Data section
+---+
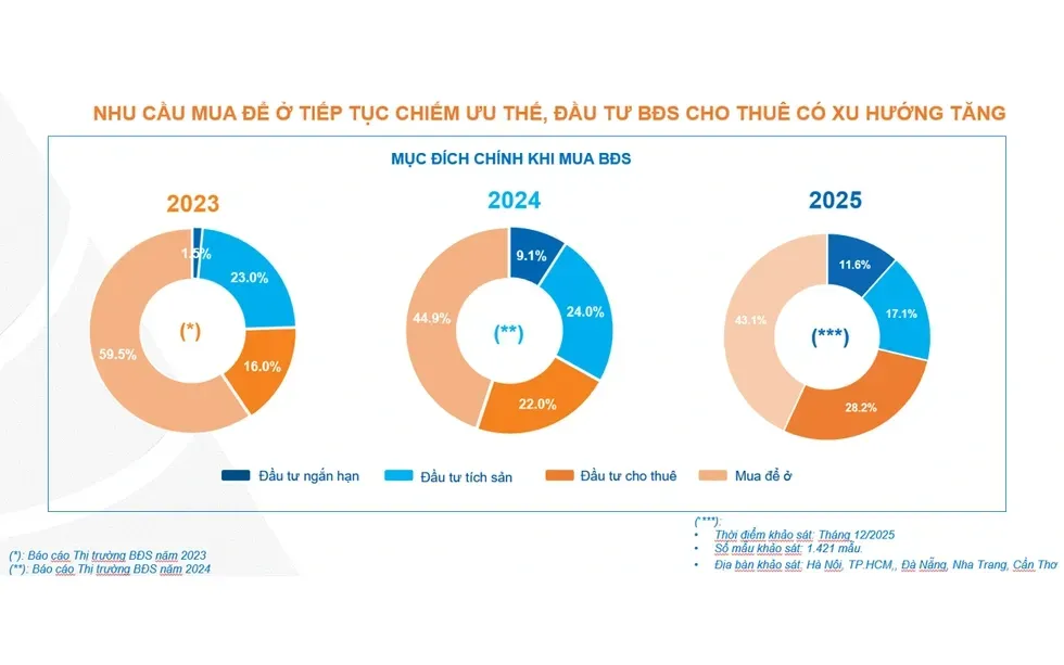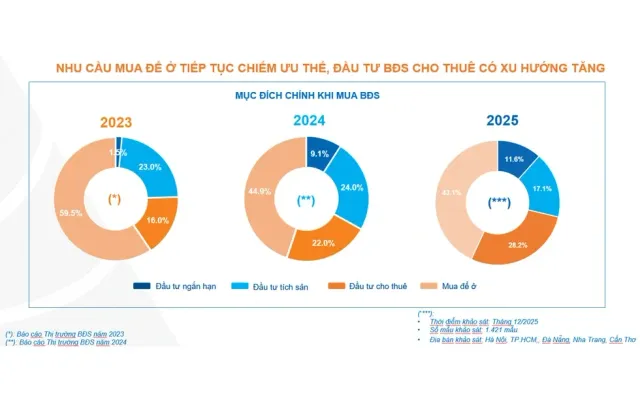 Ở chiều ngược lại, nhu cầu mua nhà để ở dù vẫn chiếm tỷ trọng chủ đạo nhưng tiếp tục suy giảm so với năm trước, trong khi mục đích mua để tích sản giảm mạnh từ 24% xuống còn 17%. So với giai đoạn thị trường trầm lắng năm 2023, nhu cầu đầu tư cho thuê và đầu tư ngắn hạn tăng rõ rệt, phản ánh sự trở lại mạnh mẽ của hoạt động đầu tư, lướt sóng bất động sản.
+---+
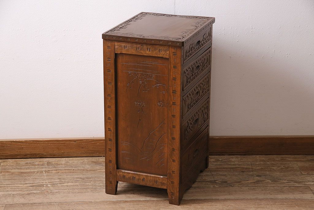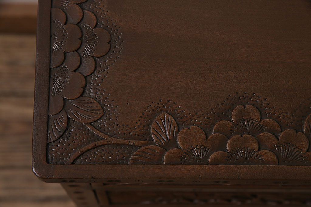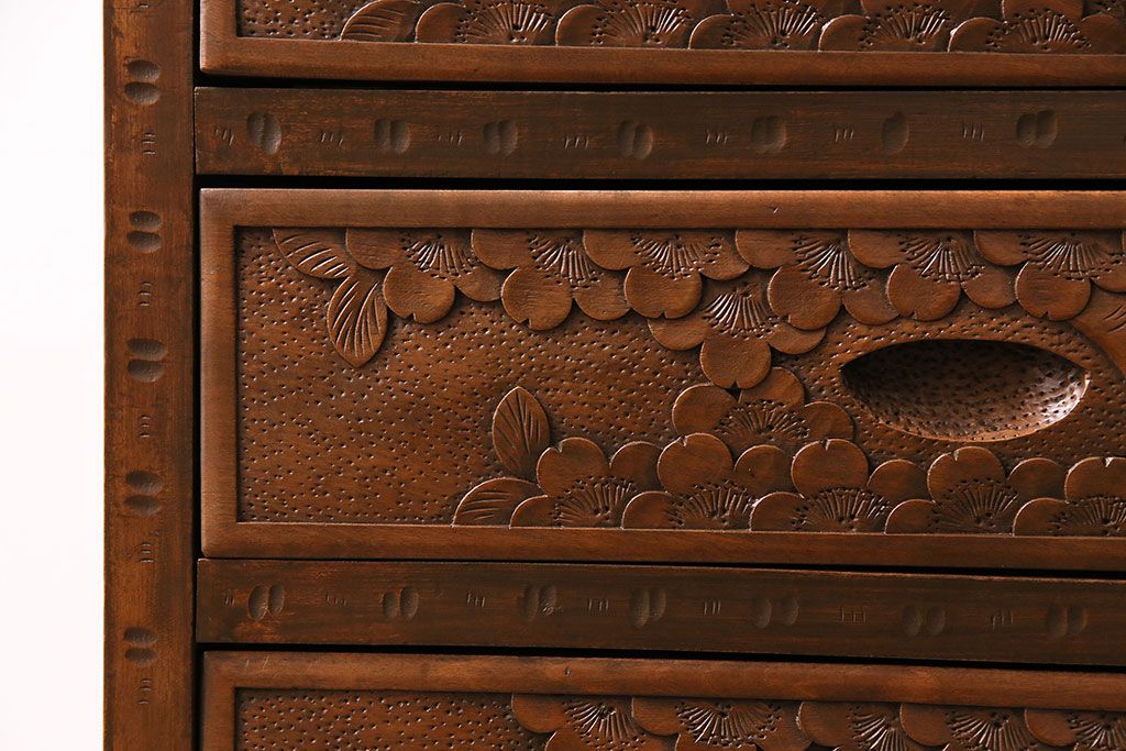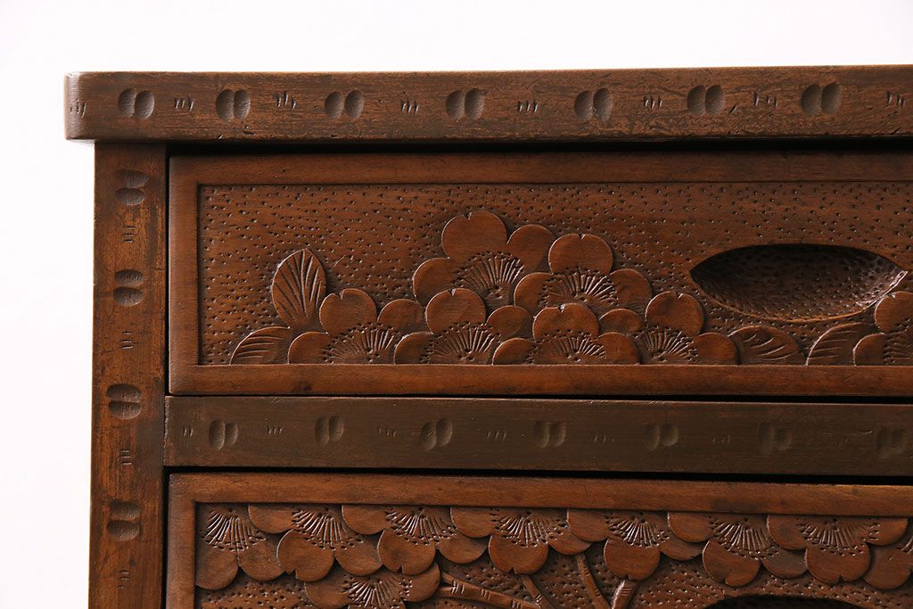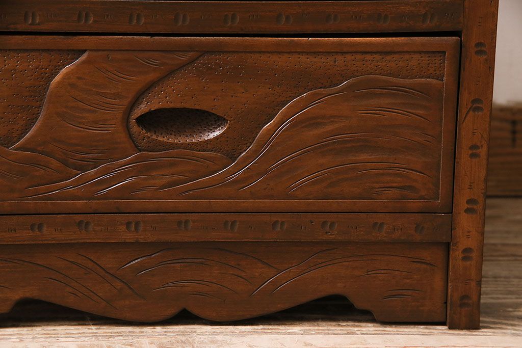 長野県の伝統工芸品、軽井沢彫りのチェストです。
+---+
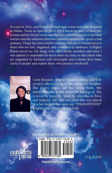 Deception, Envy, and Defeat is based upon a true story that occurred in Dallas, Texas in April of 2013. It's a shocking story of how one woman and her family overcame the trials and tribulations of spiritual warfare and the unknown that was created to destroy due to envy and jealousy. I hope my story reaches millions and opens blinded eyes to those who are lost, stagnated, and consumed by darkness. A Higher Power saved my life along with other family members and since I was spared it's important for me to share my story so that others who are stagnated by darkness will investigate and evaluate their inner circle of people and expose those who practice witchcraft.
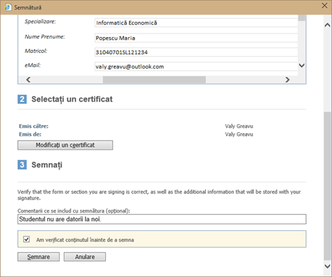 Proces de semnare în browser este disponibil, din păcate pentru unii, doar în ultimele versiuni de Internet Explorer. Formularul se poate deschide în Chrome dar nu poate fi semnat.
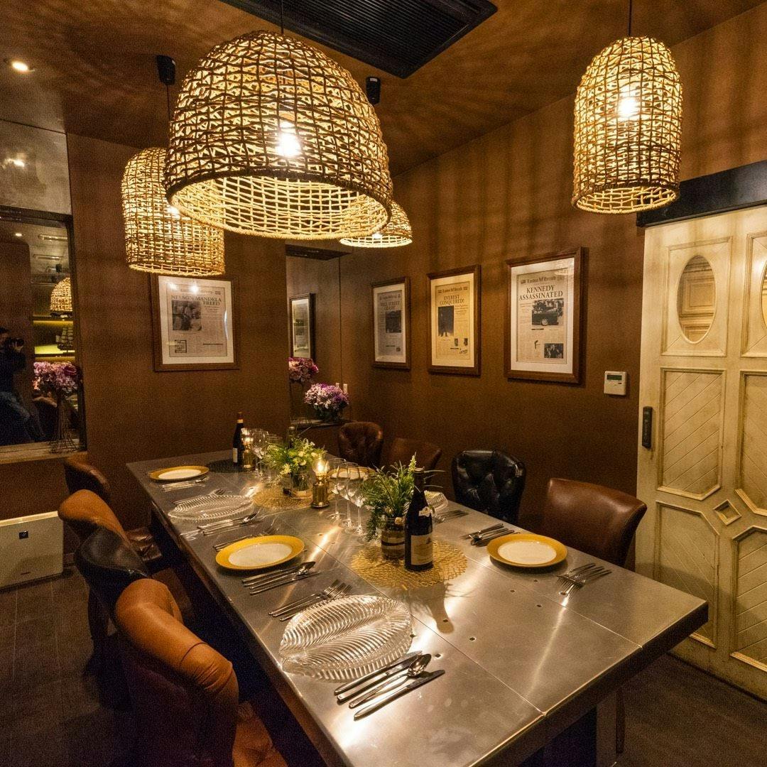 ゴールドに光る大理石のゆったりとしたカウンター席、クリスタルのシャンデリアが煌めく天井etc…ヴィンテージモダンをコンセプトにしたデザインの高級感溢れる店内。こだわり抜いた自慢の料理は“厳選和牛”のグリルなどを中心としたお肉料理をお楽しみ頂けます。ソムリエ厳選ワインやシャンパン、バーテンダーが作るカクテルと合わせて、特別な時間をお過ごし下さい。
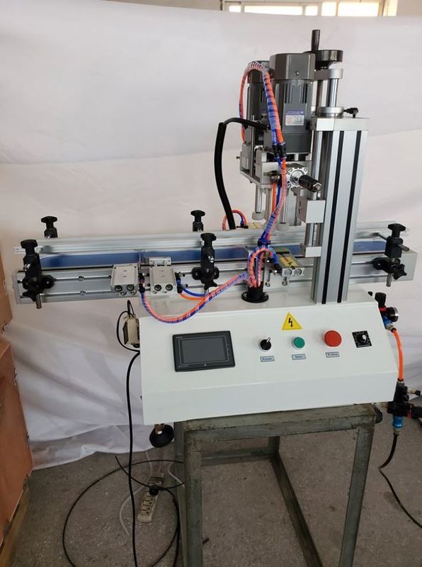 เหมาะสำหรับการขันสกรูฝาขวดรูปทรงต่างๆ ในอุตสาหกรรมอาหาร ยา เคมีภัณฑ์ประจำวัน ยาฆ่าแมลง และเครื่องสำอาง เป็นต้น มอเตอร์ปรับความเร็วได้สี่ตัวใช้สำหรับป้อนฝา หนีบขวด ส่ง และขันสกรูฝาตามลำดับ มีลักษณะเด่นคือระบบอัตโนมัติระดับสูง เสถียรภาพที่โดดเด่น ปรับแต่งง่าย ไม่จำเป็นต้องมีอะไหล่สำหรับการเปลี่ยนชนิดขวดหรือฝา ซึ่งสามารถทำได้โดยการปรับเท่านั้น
+---+
Copy the lines above between the one holding "Proces de semnare" and the one holding "เหมาะสำหรับการขันสกรูฝาขวดรูปทรงต่างๆ ในอุตสาหกรรมอาหาร ยา", inclusive. Drop the pictures.

 Proces de semnare în browser este disponibil, din păcate pentru unii, doar în ultimele versiuni de Internet Explorer. Formularul se poate deschide în Chrome dar nu poate fi semnat.
 ゴールドに光る大理石のゆったりとしたカウンター席、クリスタルのシャンデリアが煌めく天井etc…ヴィンテージモダンをコンセプトにしたデザインの高級感溢れる店内。こだわり抜いた自慢の料理は“厳選和牛”のグリルなどを中心としたお肉料理をお楽しみ頂けます。ソムリエ厳選ワインやシャンパン、バーテンダーが作るカクテルと合わせて、特別な時間をお過ごし下さい。
 เหมาะสำหรับการขันสกรูฝาขวดรูปทรงต่างๆ ในอุตสาหกรรมอาหาร ยา เคมีภัณฑ์ประจำวัน ยาฆ่าแมลง และเครื่องสำอาง เป็นต้น มอเตอร์ปรับความเร็วได้สี่ตัวใช้สำหรับป้อนฝา หนีบขวด ส่ง และขันสกรูฝาตามลำดับ มีลักษณะเด่นคือระบบอัตโนมัติระดับสูง เสถียรภาพที่โดดเด่น ปรับแต่งง่าย ไม่จำเป็นต้องมีอะไหล่สำหรับการเปลี่ยนชนิดขวดหรือฝา ซึ่งสามารถทำได้โดยการปรับเท่านั้น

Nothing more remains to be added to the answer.